In semiconductor physics, how many distinct types of charge flow contribute to conduction inside a semiconductor crystal?

Introduction / Context:
Conduction in semiconductors differs from metals because two kinds of mobile charge carriers participate. Recognizing both carrier types is critical for understanding p–n junctions, bipolar transistors, and diode I–V behavior.

Given Data / Assumptions:

• Material may be intrinsic or doped.
• We consider standard band theory without exotic effects.
• Thermal equilibrium or steady-state bias with carriers present.

Concept / Approach:
There are two carrier types: electrons in the conduction band and holes in the valence band. Electrons carry negative charge, while holes act as positive charge carriers representing the absence of an electron.

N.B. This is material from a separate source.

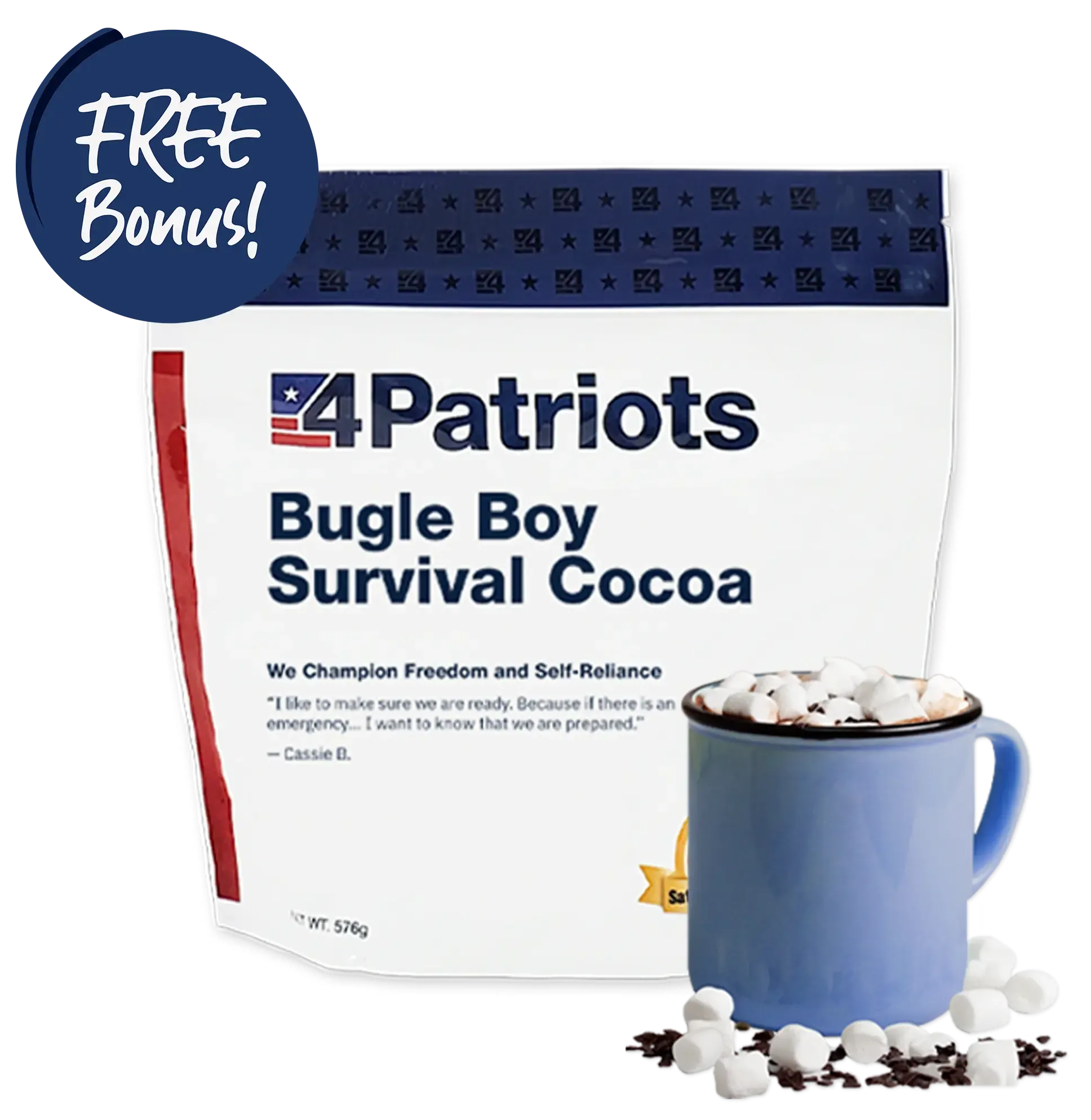 Warm up with our 4Patriots Bugle Boy Survival Cocoa. Each cup of chocolatey goodness is sure to satisfy the young… and the young at heart. With your Survival Cocoa Kits, you'll have the satisfying comfort of a steaming cup of cocoa when you and your loved ones need it most.

Both contribute to current flow under electric fields and concentration gradients, leading to drift and diffusion components in device equations.

Step-by-Step Solution:
1) Identify available mobile carriers: electrons and holes.2) Note that both can move under an applied electric field, producing current.3) Conclude there are two types of flow contributing to conduction.

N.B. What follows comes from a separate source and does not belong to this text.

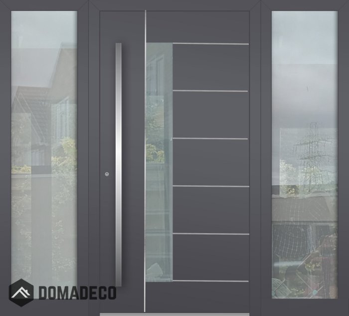 Aluminum LIM hinged front door with left and right sidelight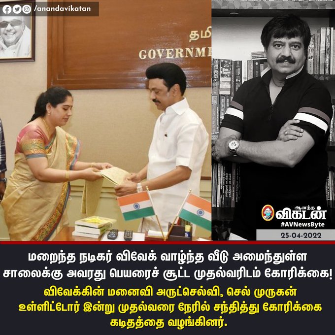 Famous film actor vivek passed away last year due to sudden illness. His family met with chief minister MK stalin and demanded that vivek name the street where he lived in his memory.

Verification / Alternative check:
In p–n junction forward bias, both electron injection into p-side and hole injection into n-side produce the total current, directly demonstrating two-carrier conduction.

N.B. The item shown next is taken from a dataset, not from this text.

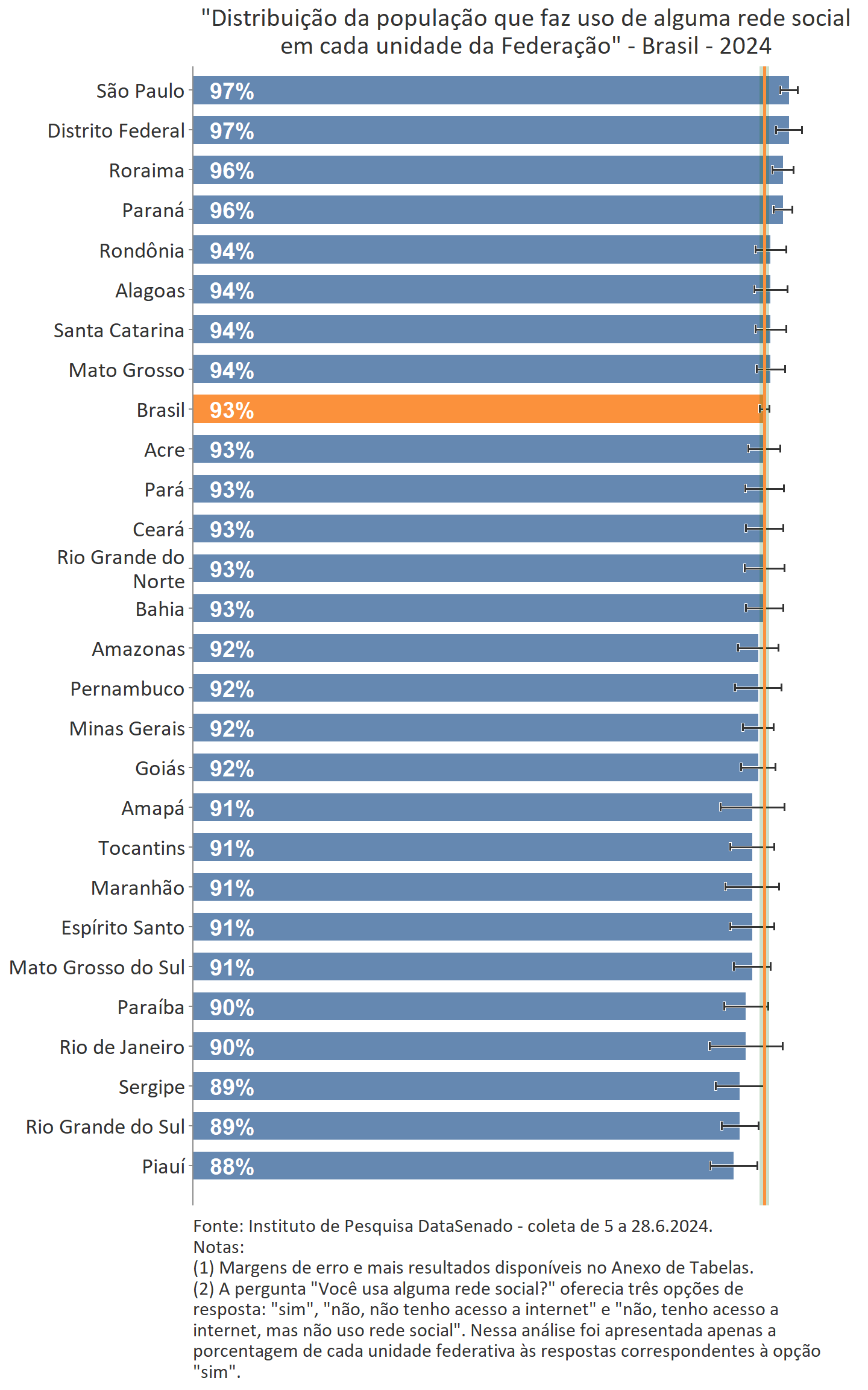 Enquanto São Paulo, Distrito Federal, Roraima e Paraná têm proporções de pessoas que fazem uso das redes sociais superiores à média nacional, consideradas as margens de erro, apenas Rio Grande do Sul e Piauí têm proporções inferiores a este patamar.

Why Other Options Are Wrong:

• 0 or 1: Metals have effectively one type of carrier; semiconductors typically have two.
• 3: There are not three fundamental carrier types in standard semiconductor physics.
• None of the above: Incorrect because the correct count is two.

Common Pitfalls:
Assuming holes are merely mathematical is misleading; hole motion and recombination are physically observable through device behavior and measured currents.

Final Answer:
2.